- [TASK DESCRIPTION]: The listing below should be reproduced exactly, with the pictures omitted.

- [SOURCE DATA]:

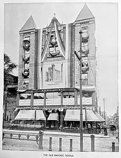 The Boston Masonic Temple, built in 1830 on the site of the Washington Gardens at the corner of Tremont Street and Turnagain Alley (which became Temple Place), was sold to the United States government in 1858 for use as a federal courthouse. The building was sold at auction in 1885 to the estate of William Fletcher Weld, which immediately leased it to R. H. Stearns and Co.[2]
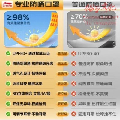 李宁 防晒口男女士罩冰丝面罩夏季遮阳防紫外线骑行户外登山跑步护眼角SKU:yzwhyp990161
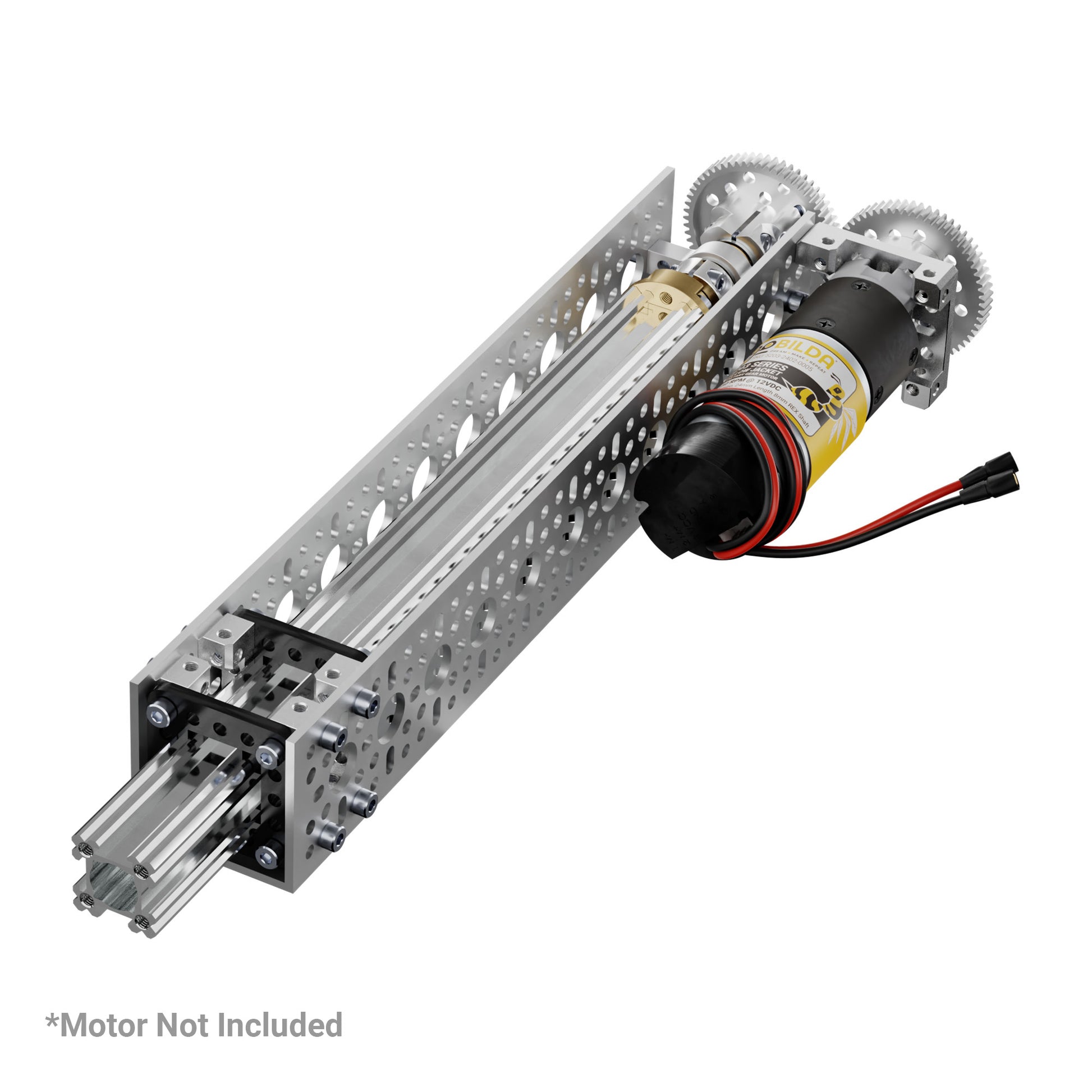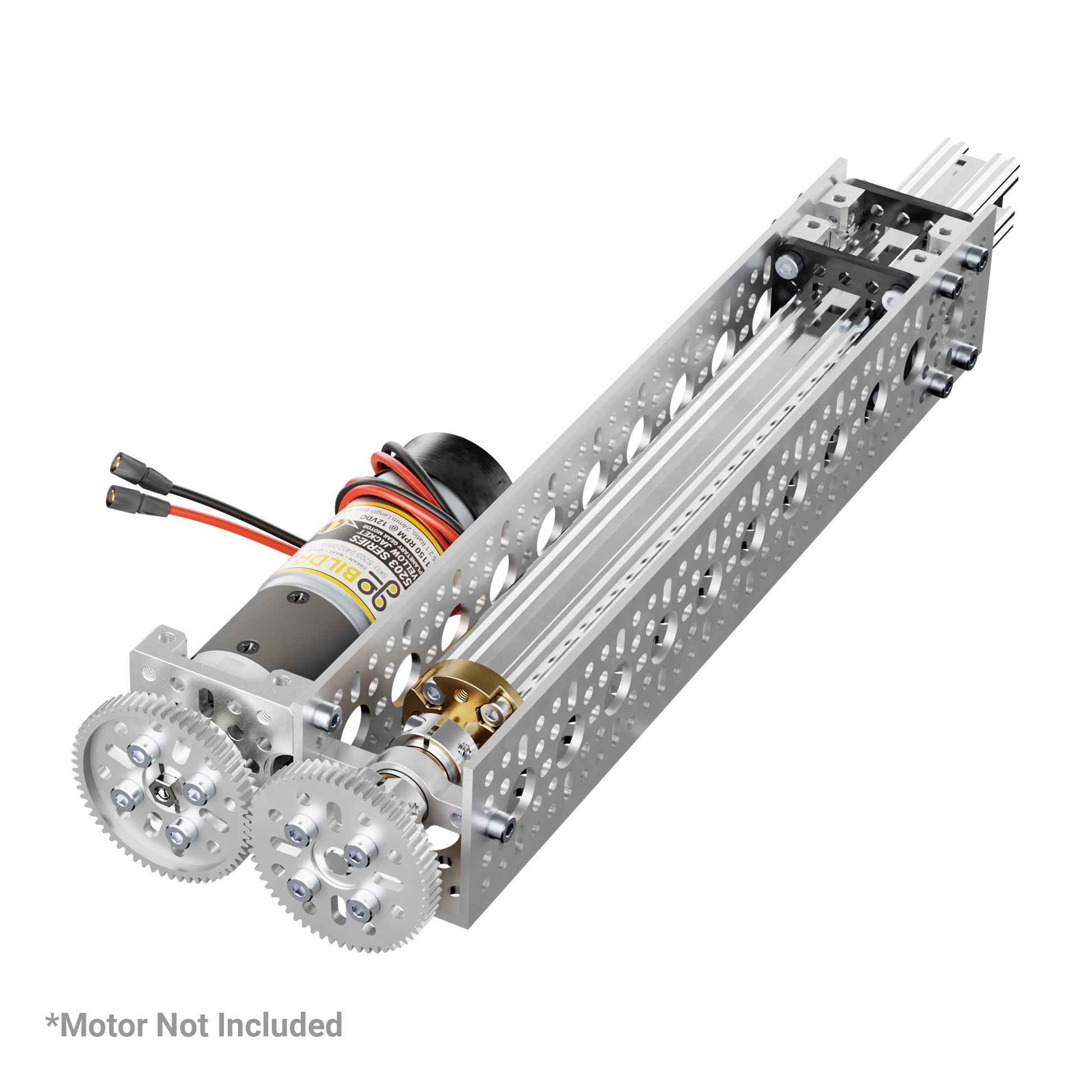 This kit comes with all the pieces to build a linear actuator entirely out of goBILDA® components. The 1120 Series U-Channel serves as the outside framework and the 1109 Series goRAIL as the extension tube. The goRAIL is supported by a pair of acetal plates that can be mounted anywhere along the channel, changing the overall extension length and amount of lateral support they provide. The 60 tooth gear on the motor drives the 60 tooth gear mounted to the lead screw to create a compact 1:1 ratio.
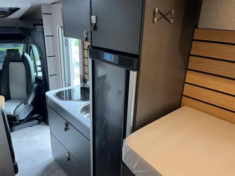 De camper is uitgerust met draaibare stoelen, cruise control, een achteruitrijcamera, een navigatiesysteem, centrale deurvergrendeling met afstandsbediening en cabineverduistering. De aandrijving komt voor rekening van een duurzame dieselmotor met een automatische versnelling.

- [ANSWER FOR THIS EXERCISE]:
 The Boston Masonic Temple, built in 1830 on the site of the Washington Gardens at the corner of Tremont Street and Turnagain Alley (which became Temple Place), was sold to the United States government in 1858 for use as a federal courthouse. The building was sold at auction in 1885 to the estate of William Fletcher Weld, which immediately leased it to R. H. Stearns and Co.[2]
 李宁 防晒口男女士罩冰丝面罩夏季遮阳防紫外线骑行户外登山跑步护眼角SKU:yzwhyp990161
 This kit comes with all the pieces to build a linear actuator entirely out of goBILDA® components. The 1120 Series U-Channel serves as the outside framework and the 1109 Series goRAIL as the extension tube. The goRAIL is supported by a pair of acetal plates that can be mounted anywhere along the channel, changing the overall extension length and amount of lateral support they provide. The 60 tooth gear on the motor drives the 60 tooth gear mounted to the lead screw to create a compact 1:1 ratio.
 De camper is uitgerust met draaibare stoelen, cruise control, een achteruitrijcamera, een navigatiesysteem, centrale deurvergrendeling met afstandsbediening en cabineverduistering. De aandrijving komt voor rekening van een duurzame dieselmotor met een automatische versnelling.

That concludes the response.